It later became clear that there existed an essentially forgotten anatomic pathway that could explain these rapid spinal results: carriage of etanercept in the vertebral venous system, the interconnected plexuses of internal and external spinal veins. Bi-directional flow within the vertebral venous system, potentially enabling etanercept injected perispinally to rapidly reach the spinal nerve roots, dorsal ganglia, and spinal cord, was the only viable mechanism that could explain the rapid improvement in pain. [24]

In 2006-2008, the first published reports of improvement in Alzheimer’s disease (AD) following open-label administration of PSE were published [16, 17, 31-33]. These reports were followed by growing recognition of excess TNF as a therapeutic target in AD [17, 19, 26, 37-46]. In 2011, the first report of rapid improvement in chronic post-stroke neurological dysfunction after PSE published [34]. Recently, through consideration of the anatomy and physiology of the CSVS; the history of perispinal injection; and the rapid CNS improvements produced by PSE after chronic stroke in larger numbers of patients, it has become obvious, when examining the broad spectrum of supporting evidence, that PSE can reliably produce improvement in chronic CNS dysfunction in selected patients [1-3, 16-37, 44, 47-56].

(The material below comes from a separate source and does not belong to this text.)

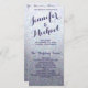 Ce programme de mariage charmant et élégant présente de subtiles parties scintillant dans les tons bleu et violet et serait parfait pour tout mariage ou événement. Il est entièrement personnalisable avec votre texte, et, vous pouvez changer la police et les couleurs afin de le rendre vraiment vôtre. Note : Arrière - plan est une impression graphique et ne contient aucune parties scintillant désordonnée. Conception par Amelia Carrie.

Patients, medicine and science will be best served if the publications, results and anatomical studies of Breschet, Corning, and Batson are appreciated for what we now know they reveal: a new anatomic route that may be utilized for delivery of CNS drugs, without the necessity of invasive neurosurgical procedures and without the necessity, time, expense and uncertainty of re-engineering existing molecules to facilitate their passage through the blood-brain barrier [2, 19, 23, 26]. While evidence of therapeutic effectiveness utilizing perispinal injection is currently limited to etanercept and cocaine, there is no reason why these are the only molecules that could benefit from the use of this relatively non-invasive delivery method. Positron emission tomographic and functional magnetic resonance imaging are ideal methods to study the effects and distribution of radiolabeled macromolecules after perispinal injection [2, 18, 20]. The unmet medical need produced by stroke, traumatic brain injury, chronic traumatic encephalopathy and Alzheimer’s disease, calls for funding perispinal injection studies without delay. Randomized controlled clinical trials of PSE for treatment of AD and chronic stroke are in process at Griffith University in Australia, but more funding for larger, multi-center trials is urgently needed. Further basic science studies of PSE in animal models merit initiation without delay.

Conclusion

Perispinal injection utilizes passage through the cerebrospinal venous system to facilitate CNS drug delivery without the necessity of neurosurgery or re-engineering of existing drugs. Perispinal injection of biologics, such as etanercept, provides a new modality to investigate brain-immune pathophysiology and address CNS disorders.

Footnote:

[1] It also remains widely unrecognized that Corning was also the first to achieve spinal anesthesia by intrathecal injection of cocaine, with publications in 1894 and 1897 (references 9,10); this distinction has historically been awarded to Bier for his 1899 publication (Bier, A., Versuche uber Cocainisirung des Ruckenmarkes. Dtsch Ztschr Chir 1899. 51: p. 361-369).

Author Affiliation

Edward L. Tobinick; Founder, Institute of Neurological Recovery; Contact Information: Edward Tobinick MD; nrimed@gmail.com; (561) 353-9707

Acknowledgment

No funding was received in connection with this manuscript. Conflict of Interest Statement: The author has multiple patents, assigned to TACT IP LLC, describing methods of perispinal delivery of etanercept and other drugs for treatment of neuroinflammatory indications, including but not limited to U.S. patents 6419944, 6537549, 6982089, and 8900583. Dr. Tobinick is the CEO of TACT IP, LLC and founder of medical practices that utilize PSE as an off-label therapeutic modality and also train physicians in its use.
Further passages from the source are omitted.